Hungary needs the power of love, not Viktor Orbán’s love for power ǀ View

In spring 2018, a couple of weeks after the last Hungarian elections, I went on a hike with my friends. We regularly visit Hungary’s breathtaking mountain landscapes, which were astonishing in the spring weather. After our post-hike dinner, I noticed that one of my closest friends, Lilla was tearing up.

First, she started to talk in a subtle voice but got then louder and vehement about the fact that, despite her best efforts, she had no idea how to provide an education for her then two-year-old child in Hungary that is based on understanding, acceptance, and mutual respect and not on hatred and exclusion. How is she supposed to explain to her children that the world is full of people with different religions, ethnic backgrounds, skin colours, and identities and that none is better or worse than the other when governmental and state institutions are pouring out hatred?

I often remember this conversation. I remember it every time leading Hungarian politicians talk about women belonging in the kitchen, and when they consider effective action against domestic violence as an “ideologically loaded” notion.

Our conversation in the mountains often came to mind when Viktor Orbán contemplated that the “mooching” Romani children from Gyöngyöspata didn’t deserve the compensation awarded to them by a legally binding court order as they were “only” awarded it because the State had offered them only segregated education.
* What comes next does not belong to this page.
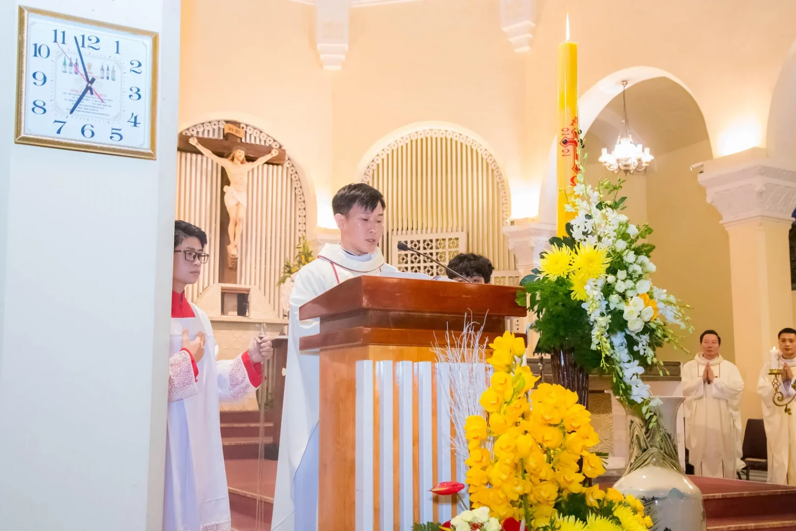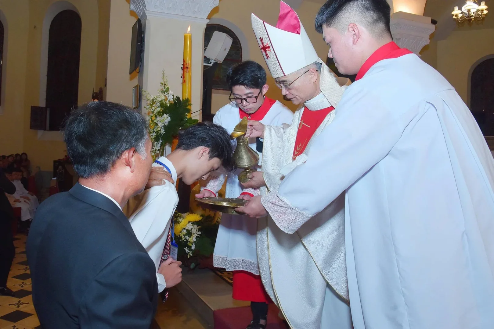 Đồng tế với Đức Cha có Cha Quản hạt Phaolô Phạm Công Phương, Cha phó Giuse cùng quý cha. Hiệp dâng Thánh lễ có sự hiện diện của quý tu sĩ nam nữ, các hội đoàn và đông đảo cộng đoàn dân Chúa. Đặc biệt, trong đêm cực thánh này, cộng đoàn hân hoan chào đón 13 anh chị em dự tòng và 2 anh chị em lãnh nhận Bí tích Thêm Sức.

What does this tell Hungarian Romani children and Hungarian society about social mobility, about taking responsibility for the damage caused, and about enforcing a court order? A government must be held accountable, not only because it doesn’t provide access to an appropriately high level of education for Hungarian children, but also because it conveys behavioural patterns favouring vigilantism, breaches commonly established rules, and circumvents the enforcement of the law as required by the rule of law.

During and after our conversation with my friends, I often thought about whether or not I would’ve come out as gay earlier if I had been surrounded by an accepting and supportive community and rational public discourse, which Lilla tries to provide as a parent. In her envisioned world, nobody would be bothered by the publishing of a children’s book with Romani, gay or characters with disabilities as has happened recently in Hungary. Everyone could live together peacefully so long as politicians who incited hatred would leave them alone.

Despite the number infected with COVID-19reaching 200,000 and Hungary recording the fifth-highest rate of fatalities per capita in Europe over the last two weeks, the government’s thoughts have instead turned to the Hungarian Constitution and an amendment aimed at including that the basis of family relations is not love and support for one another, but the marriage between a man and a woman.

With this planned amendment, which was criticised by the Council of Europe’s Human Rights Commissioner Dunja Mijatović over its far-reaching negative effects on human rights, the government wants to declare that LGBTI people are only second class citizens in Hungary. The amendment also affects single people and people living in cohabitation, but it remains clear that the top priority of the government is to prohibit adoption by same-sex couples. At the same time, it is a slap in the face for millions of single parents, civil partners, and same-sex couples. And also for tens of thousands of children who are being stripped of the opportunity to live in a loving home and instead will stay in state care.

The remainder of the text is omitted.